Antonia vivió el resto de su juventud y su madurez en Roma o en su villa de Baules, retirada de toda actuación política, viendo crecer a sus hijos y en estrecha relación con Augusto y con Livia. A veces era algo extravagante: en el estanque de su jardín tenía, por ejemplo, una anguila a la que quería mucho y a la que adornaba con lujosos pendientes como a las mujeres. La gente acudía de todas partes a verla.

El hijo imbécil

Las nobilísimas cartas de Augusto a Livia, a propósito de Claudio, el segundo hijo de Antonia, demuestran el amor que a ésta tuvo el gran emperador. Ninguna de las grandes hazañas de Augusto suscitan nuestra admiración como esta correspondencia que fragmentariamente publica Suetonio en la que enternece ver cómo encontraba, en medio de sus inmensas preocupaciones, tiempo y gusto para vigilar paternalmente los más nimios y delicados problemas familiares.

De los tres hijos de Antonia, Germánico, el mayor, robusto y decidido, abandonó pronto el hogar para alcanzar una fortuna, previamente acordada por la protección del César. Pero el segundo, Claudio, debió llenar de preocupaciones y de desvelos muchos días de la viudez de su madre.
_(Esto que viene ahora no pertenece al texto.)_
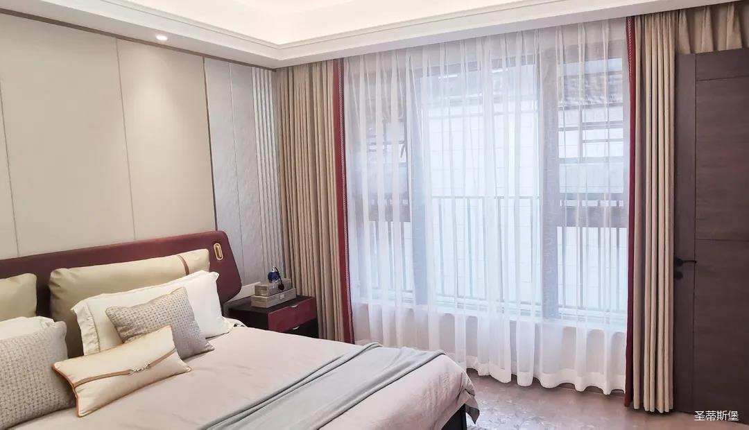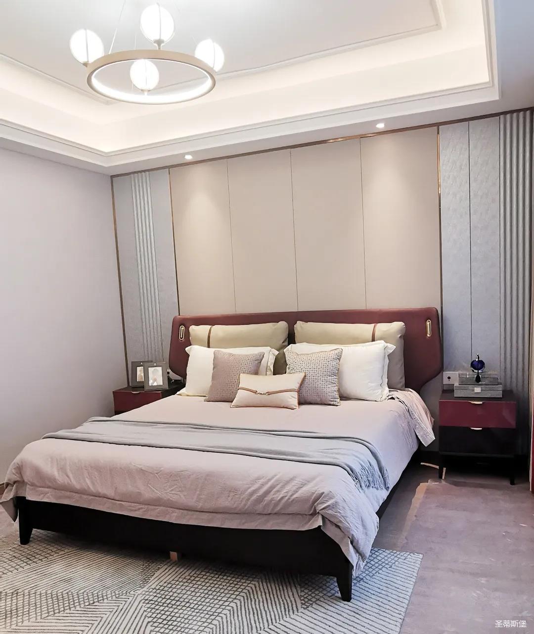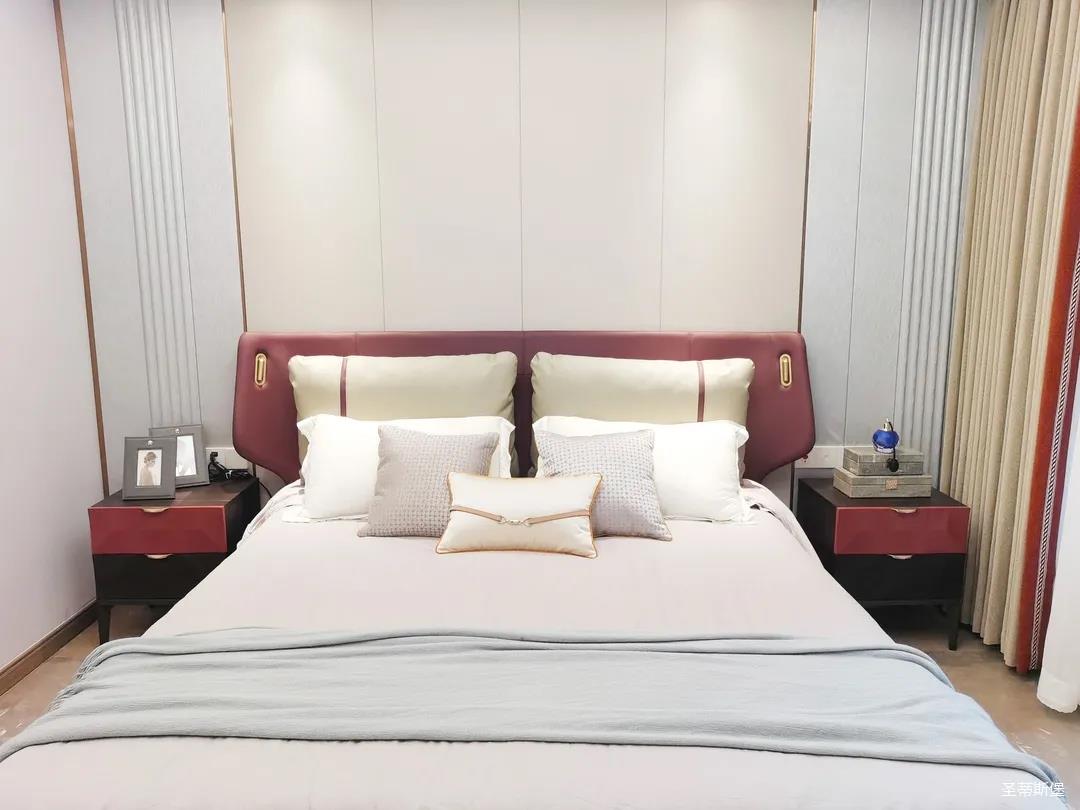 三樓的主人房設(shè)計風(fēng)格更偏向簡約,浪漫的酒紅色床屏運(yùn)用了曲面造型,融合了極簡主義美學(xué)和輕奢元素,小型夜間感應(yīng)燈設(shè)計讓每一處細(xì)節(jié)都充滿著時尚優(yōu)雅的氣息。夜間倚靠在厚實(shí)的軟包上,時光好像在不知不覺中慢了下來,讓我們能品味和咀嚼生活的氛圍。
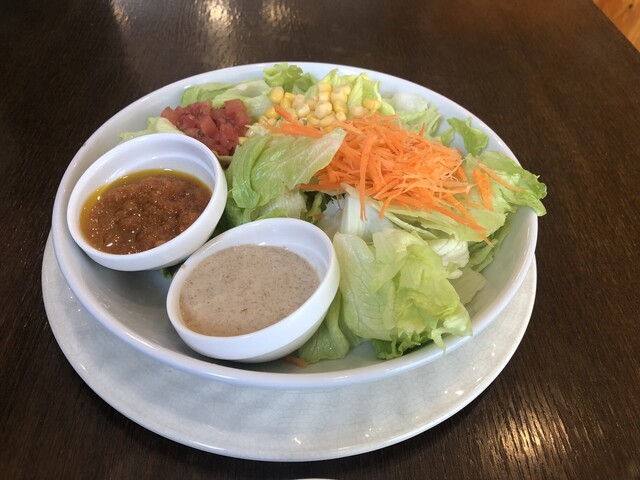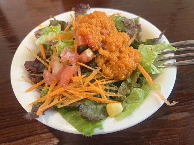二号店のみの限定もあったので”明太きのこの和風カルボ”を大盛り、サラダも注文しました。
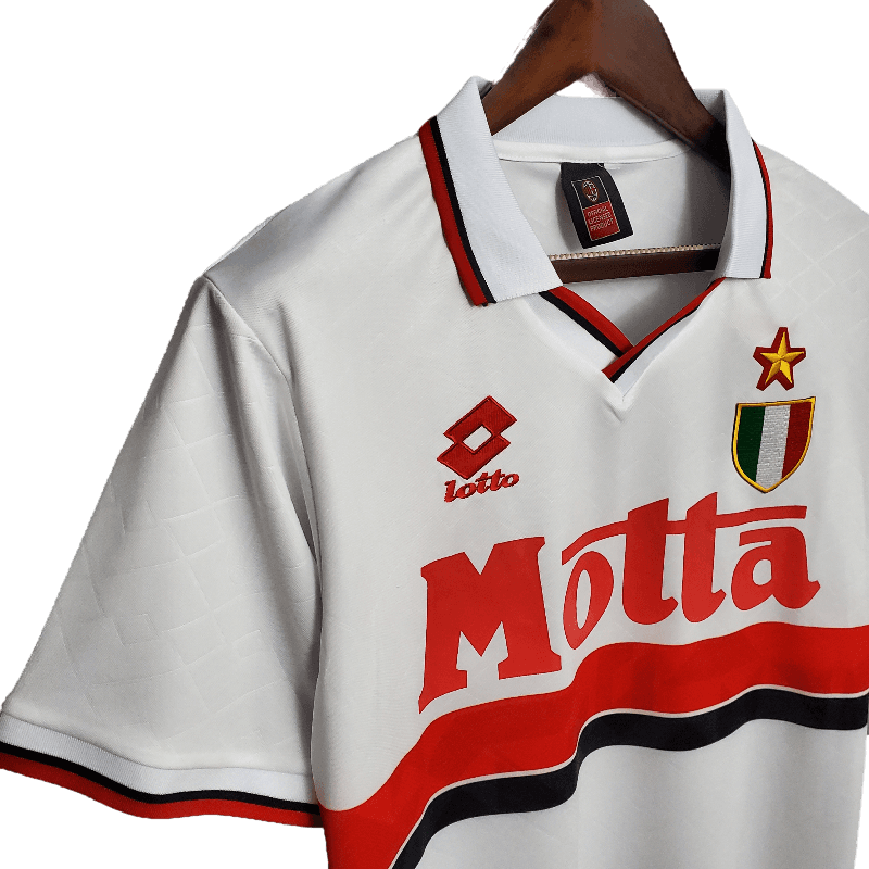 The AC Milan 1993/1994 Away Jersey is an iconic piece of football history, worn during one of the Rossoneri’s most dominant seasons. Featuring a clean white design with bold red and black details, this jersey was on display as Milan conquered both Serie A and the UEFA Champions League, cementing their status among Europe’s greatest clubs.
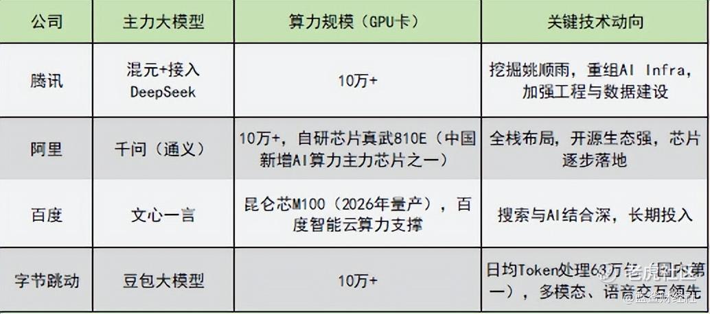 算力层面,四家巨头GPU保有量都较高,但供应链安全与成本控制是关键。百度昆仑芯M100即将量产,阿里有自研芯片真武810E(2026年1月22日,阿里决定支持旗下芯片公司平头哥未来独立上市);字节、腾讯大量采购H100等高端卡,但面临供应不稳定与价格波动风险。
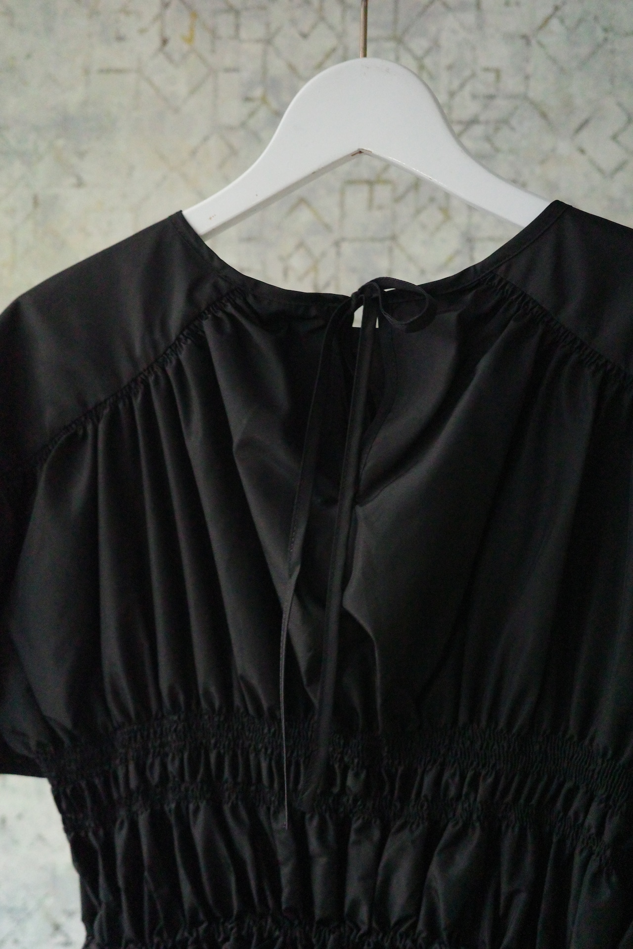 バックネックもリボンでさりげない華やぎをオン。

Sufrió, en efecto, desde niño, «diversas enfermedades muy largas», y le quedó como reliquia «una debilidad de espíritu» no exenta de inteligencia. Tenía la palabra torpe, las piernas flojas; la baba se le caía y un continuo temblor hacía oscilar su cabeza; así nos le pinta también Juvenal. Todo ello nos permite sospechar que alguna de aquellas enfermedades infantiles fuera una encefalitis de la que quedaron los síntomas lejanos de este mal, que coinciden casi exactamente con los que acabamos de copiar. Menos fáciles de interpretar son unas protuberancias o carúnculas que el poco agraciado príncipe tenía al lado de los ojos, que se le congestionaban y enrojecían en los momentos de excitación.

La única sombra que encontramos en la vida de Antonia —si bien encuadra por completo en la psicología de la época— es su poca caridad con este hijo enfermo, pues, según los historiadores, cuando hablaba de él, le llamaba «caricatura de hombre»; y para ensalzar la estupidez de alguien, decía: «Es más tonto que mi hijo Claudio.» Del mismo desprecio participaban Livia, la abuela, y Livila, su hermana. Y con la crueldad de todos ellos contrasta la caridad y el buen sentido de Augusto en los consejos que da respecto del inválido niño a su mujer, pidiéndole que se los lea también «a nuestra querida Antonia».